Perioperative chemotherapy (neoadjuvant or adjuvant) has been developed to increase overall survival for nonmetastatic muscle-invasive bladder cancer (MIBC). Retrospective studies or prospective phase II trials have been reported to use dose-dense methotrexate, vinblastine, doxorubicin, and cisplatin (dd-MVAC) or gemcitabine and cisplatin (GC). As dd-MVAC has shown higher response rates in metastatic disease, better efficacy is expected in the perioperative setting.
We designed a randomized phase III trial to compare the efficacy of dd-MVAC or GC in MIBC perioperative (neoadjuvant or adjuvant) setting.
Design, setting and participants
A total of 500 patients were randomized from February 2013 to March 2018 in 28 centers and received either six cycles of dd-MVAC every 2 wk or four cycles of GC every 3 wk.

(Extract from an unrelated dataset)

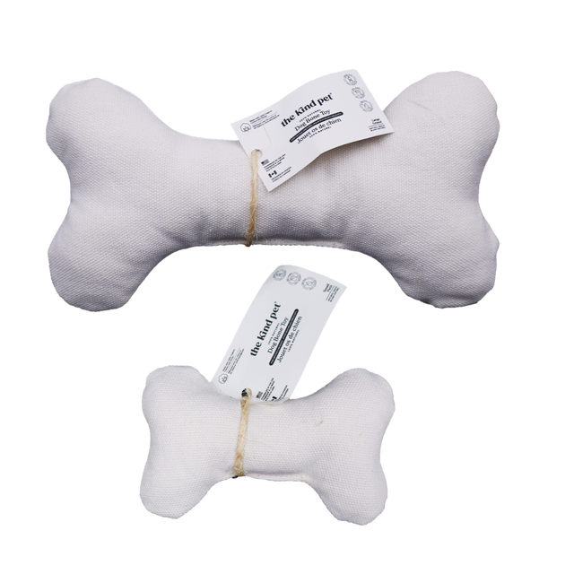 This hemp dog bone toy is for gentle chewers that just love to have something soft to hold on to or cuddle with. Ditch the polyester and poly filled plush toys and check out this organic dog bone made with hemp and 100% organic cotton filling and thread. This hemp bone for dogs contains zero toxic dyes and is completely squeaker free. This soft dog bone toy is great for both play and cuddles.

Outcome measurements and statistical analysis
The primary endpoint (progression-free survival at 3 yr) was not reported. We focused on secondary endpoints: chemotherapy toxicity and pathological responses.
Results and limitations
In the neoadjuvant group, 218 patients received dd-MVAC and 219 received GC. Of the patients, 60% received six cycles in the dd-MVAC arm and 84% received four cycles in the GC arm; 199 (91%) and 198 (90%) patients underwent surgery, respectively. Complete pathological response (ypT0pN0) was observed in 84 (42%) and 71 (36%) patients, respectively (p = 0.2). An organ-confined status (<ypT3pN0) was obtained in 154 (77%) and 124 (63%) patients, respectively (p = 0.001). In the adjuvant group, 40% of patients received six cycles in the dd-MVAC arm and 60% received four cycles in the GC arm. Most of Common Terminology Criteria for Adverse Events (CTCAE) grade ≥3 toxicities concerned hematological toxicities, reported for 129 (52%) patients in the dd-MVAC group and 134 (55%) patients in the GC group. Gastrointestinal (GI) grade ≥3 disorders were more frequently observed in the dd-MVAC arm (p = 0.003), as well as asthenia of grade ≥3 (p < 0.001).
The toxicity of dd-MVAC was manageable with more severe asthenia and GI side effects than that of GC in perioperative chemotherapy. A higher local control rate (complete pathological response, tumor downstaging, or organ confined) was observed in the dd-MVAC arm (p = 0.021). However, such data have to be confirmed on progression-free survival, with primary endpoint data expected in mid-2021.